Segment Start: GIVEN DATA

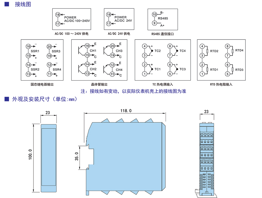 適用于多溫區塑料機械、包裝機械、隧道爐設備等,也可以為現場溫度信號采集儀表使用。
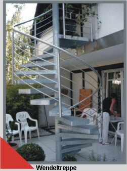 Wendeltreppe mit verzinkten Gitterroststufen. Treppengeländer aus Edelstahl. |
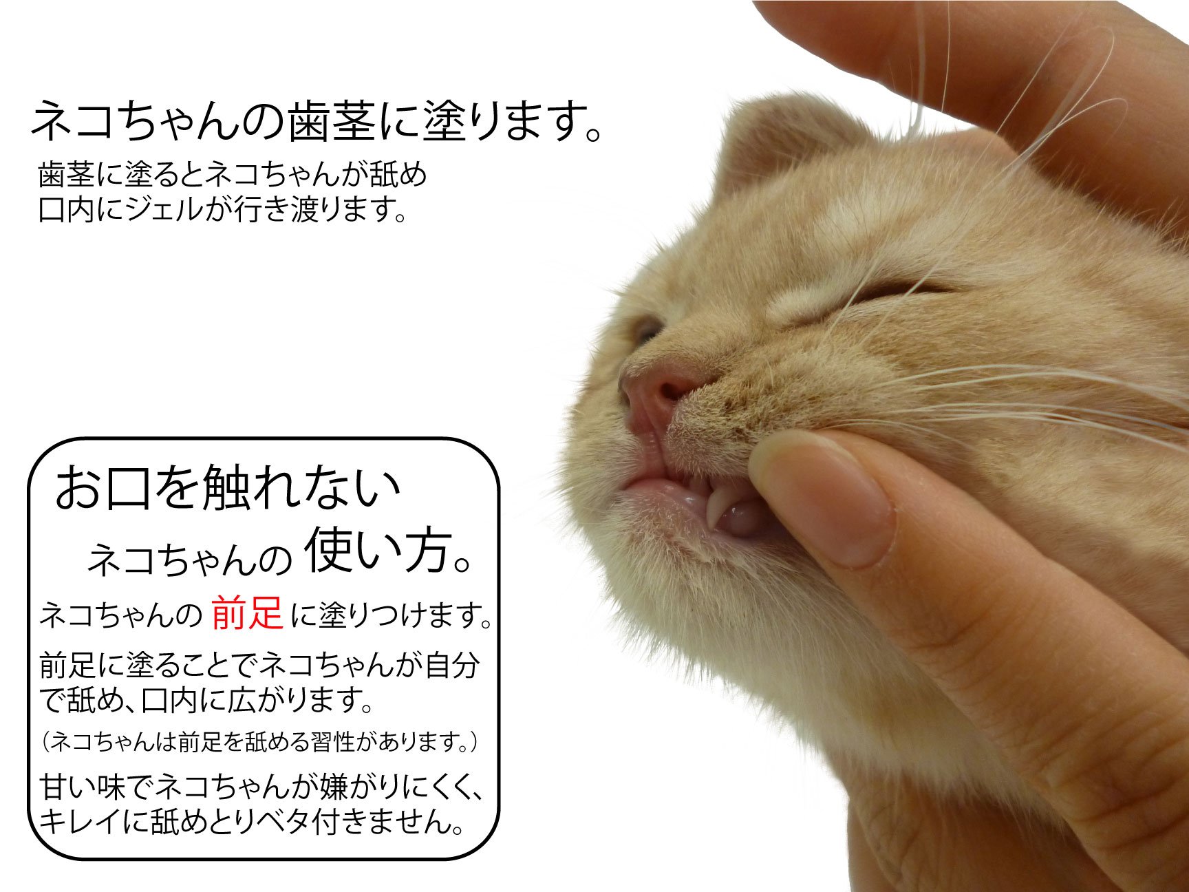 Pet itself licks by painting on the front side of the tooth, it mixes with saliva and it reaches every corner of your mouth.
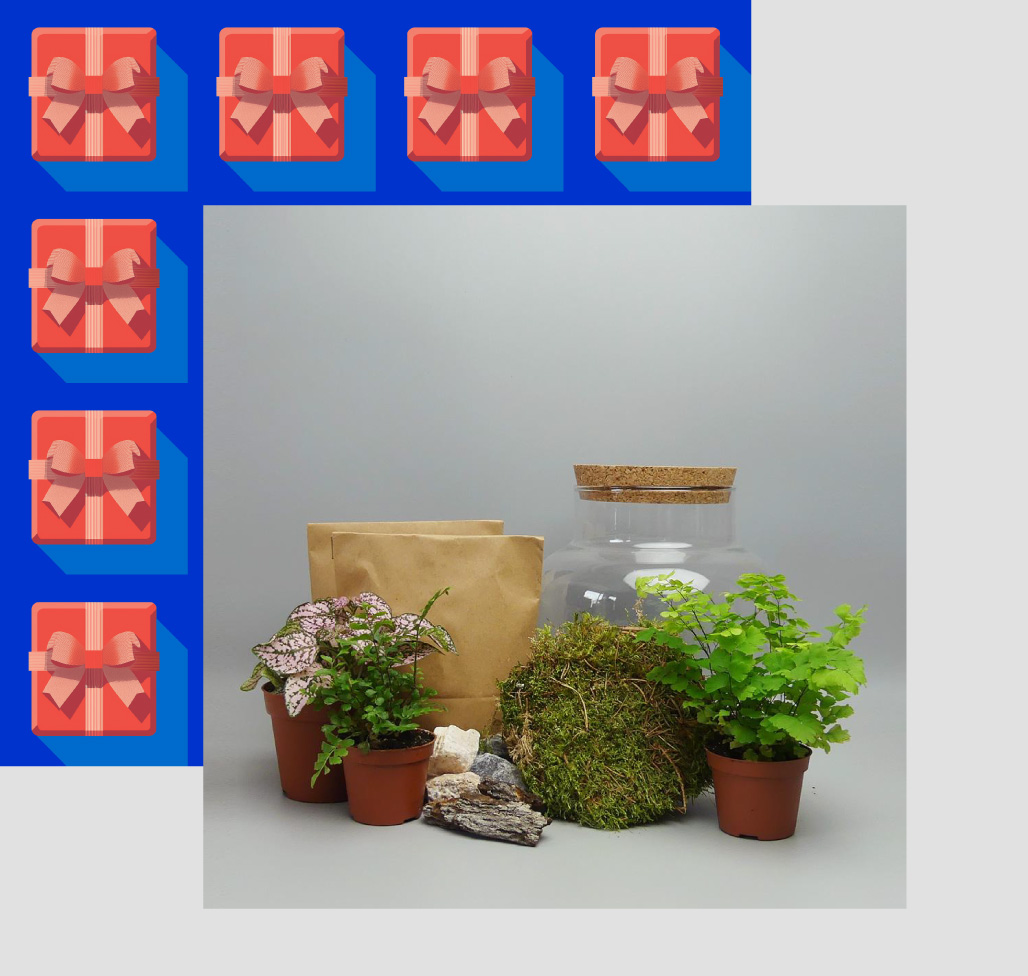 Ein liebevoll zusammengestelltes Do-it-yourself-Set, mit dem man ein geschlossenes Mini-Ökosystem zuhause selbst baut. Das Set enthält Glasgefäß, Korkverschluss, Tongranulat, Aktivkohle, Erde, Moos, Kieselsteine und lebende Pflanzen plus eine bebilderte Anleitung.
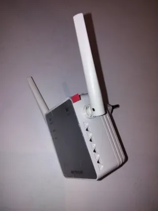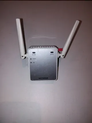 Amplificador de señal WiFi NETGEAR para extender la cobertura de tu red inalámbrica. - Antenas ajustables para optimizar la recepción. - Indicadores LED para el estado de la conexión. Sin usar.
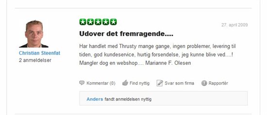 I øvrigt mht. Trustpilot anmeldelserne for det pågældende firma så lugter de langt væk af konstruerede anmeldelser eller vennetjenester. Det er meget sjældent kunder udtrykker sig i de vendinger og på den måde som man ser her, og ydermere er der atypisk underskrevet med firmanavn osv. ved flere af dem, meget usædvanligt. Til gengæld ser alle de negative anmeldelser i mine øjne meget troværdige ud
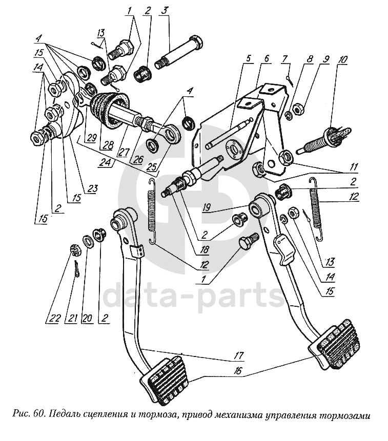 Педаль сцепления и тормоза, привод механизма управления тормозами ГАЗ-31029
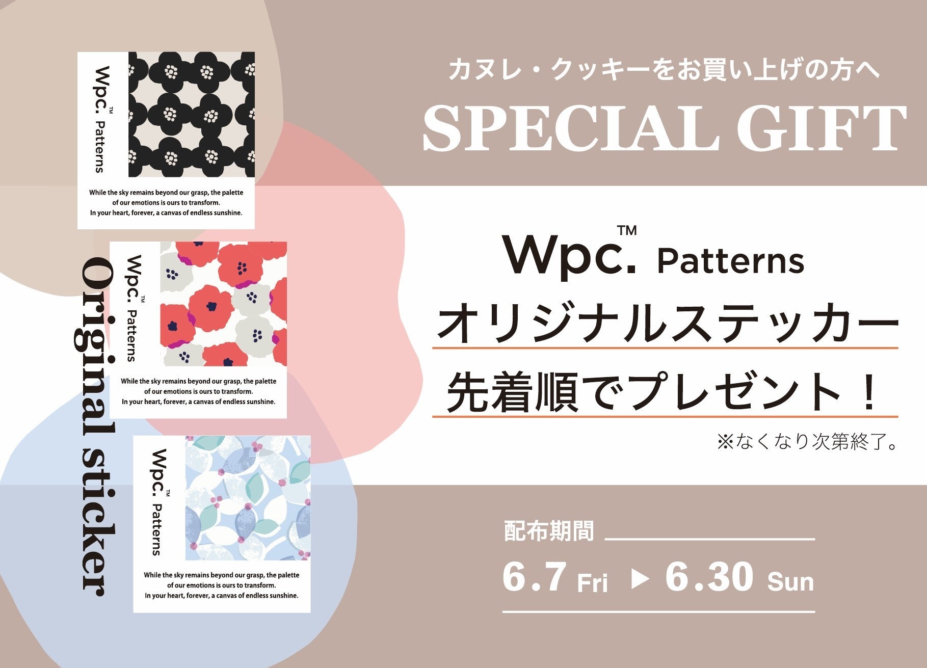 キッチン&マーケット内のカヌレまたはクッキーをご購入の方限定で、Wpc. Patternsオリジナルのステッカーを先着順にプレゼント!

Segment End: GIVEN DATA

# WHAT TO WORK ON
Set down exactly, line for line, the data from the line that contains "Pet itself licks" through its last line, keeping pictures out.

# ANSWER BOX
 Pet itself licks by painting on the front side of the tooth, it mixes with saliva and it reaches every corner of your mouth.
 Ein liebevoll zusammengestelltes Do-it-yourself-Set, mit dem man ein geschlossenes Mini-Ökosystem zuhause selbst baut. Das Set enthält Glasgefäß, Korkverschluss, Tongranulat, Aktivkohle, Erde, Moos, Kieselsteine und lebende Pflanzen plus eine bebilderte Anleitung.
 Amplificador de señal WiFi NETGEAR para extender la cobertura de tu red inalámbrica. - Antenas ajustables para optimizar la recepción. - Indicadores LED para el estado de la conexión. Sin usar.
 I øvrigt mht. Trustpilot anmeldelserne for det pågældende firma så lugter de langt væk af konstruerede anmeldelser eller vennetjenester. Det er meget sjældent kunder udtrykker sig i de vendinger og på den måde som man ser her, og ydermere er der atypisk underskrevet med firmanavn osv. ved flere af dem, meget usædvanligt. Til gengæld ser alle de negative anmeldelser i mine øjne meget troværdige ud
 Педаль сцепления и тормоза, привод механизма управления тормозами ГАЗ-31029
 キッチン&マーケット内のカヌレまたはクッキーをご購入の方限定で、Wpc. Patternsオリジナルのステッカーを先着順にプレゼント!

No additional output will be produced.